Theory and Methods

Model Predictive Control

Model Predictive Control (MPC) is a modern feedback law that computes control actions by solving an optimal control problem in real-time and is capable of optimizing system performance and enforcing constraints.

I’m interested in a wide variety topics within MPC, including studying the stability and robustness of MPC in systems with non-cooperative components, designing supervisory modules that make MPC controller more reliable, and investigating the robustness of MPC implemented on embedded systems with limited computing power or distributed systems with limited communication capabilities.


Algorithmic Systems Theory

Many iterative algorithms in optimization, games, and learning can be viewed as dynamical systems with inputs (measurements, historical data, user feedback), internal states (decision variables, state estimates, Lagrange multipliers), outputs (residuals, actuator commands), and uncertainties (noise, unknown parameters). This perspective is crucial for tackling some of the challenges arising when analyzing and synthesizing the algorithms that underlie modern autonomous, AI-driven, and socio-technical systems.

I’m interested in developing new theoretical tools that synergistically build on control, optimization, game, and learning theory as well as novel algorithms and computational techniques that are specialized for noisy, time-varying, and dynamic environments.

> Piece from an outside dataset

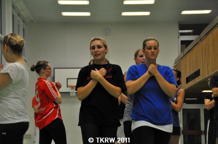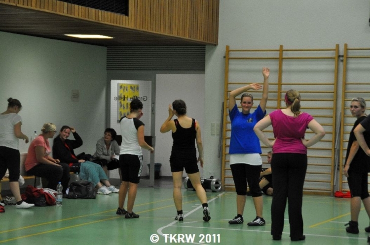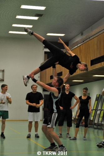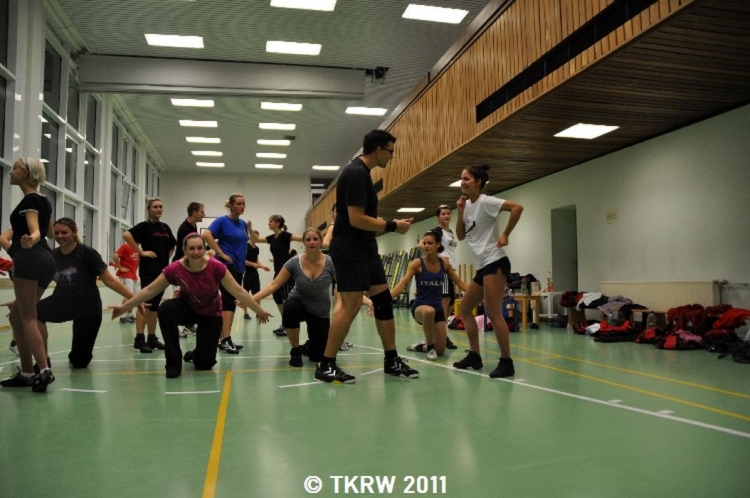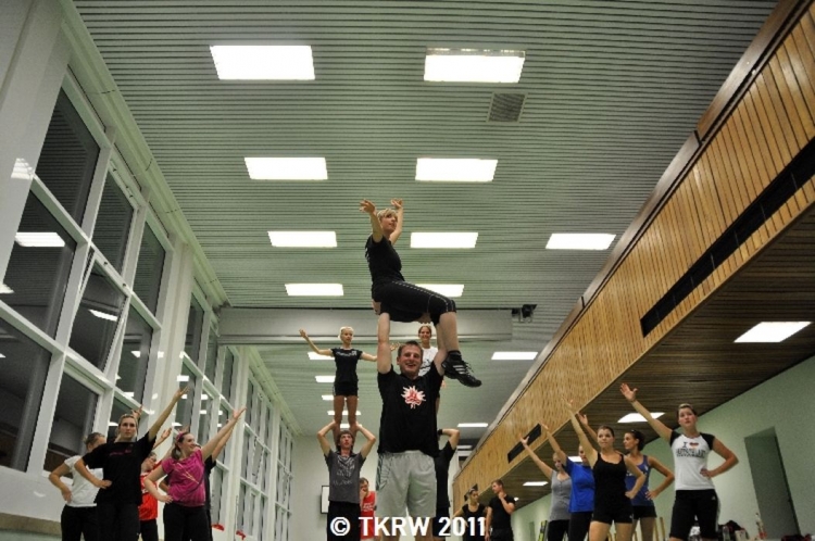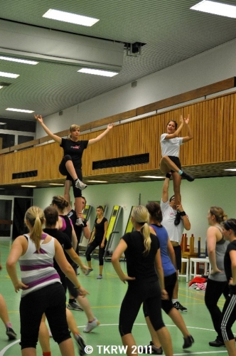 Während im Anschluß die „Bodencrew“ hauptsächlich von Ann-Kathrin betreut wird, so arbeitet Coach Oliver mit den Paaren und denen die es mal werden sollen. Jeweils die letzte halbe Stunde eines jeden Trainingstages (montags, bzw. mittwochs) steht dann das gemeinsame Proben der Auftrittsversionen der Tänze auf dem Programm, was der jeweilige Trainer (Oly oder Ann-Kathrin) genauestens beobachtet und analysiert. Denn leider steht uns keine Spiegelwand zur Selbstkontrolle zur Verfügung, was ein großer Wunsch vieler unserer Mädels wäre. Verschiedene Stellproben und das Austauschen der „Stammplätze“ in der Formation oder innerhalb der Paare gehören ebenso zum Trainingspensum dazu. Man muß „Ausfälle“ nämlich auch mal schnell kompensieren können. Und so rasant sind die jeweils 2 Stunden Training auch schon wieder vorbei…

Real-time Optimization Algorithms

Real-time optimization algorithms are essential tools for endowing autonomous systems with complex goal oriented and self-optimizing behaviours. However, deploying optimization algorithms in safety-critical systems with limited computational and/or communication capabilities remains a challenge and the reliability and resilience of real-time optimization algorithms are significant hurdles to broader deployment.

I’m interested in developing optimization algorithms that are suited for deployment on embedded computers as well as distributed algorithms for multi-agent systems with limited communication capabilities.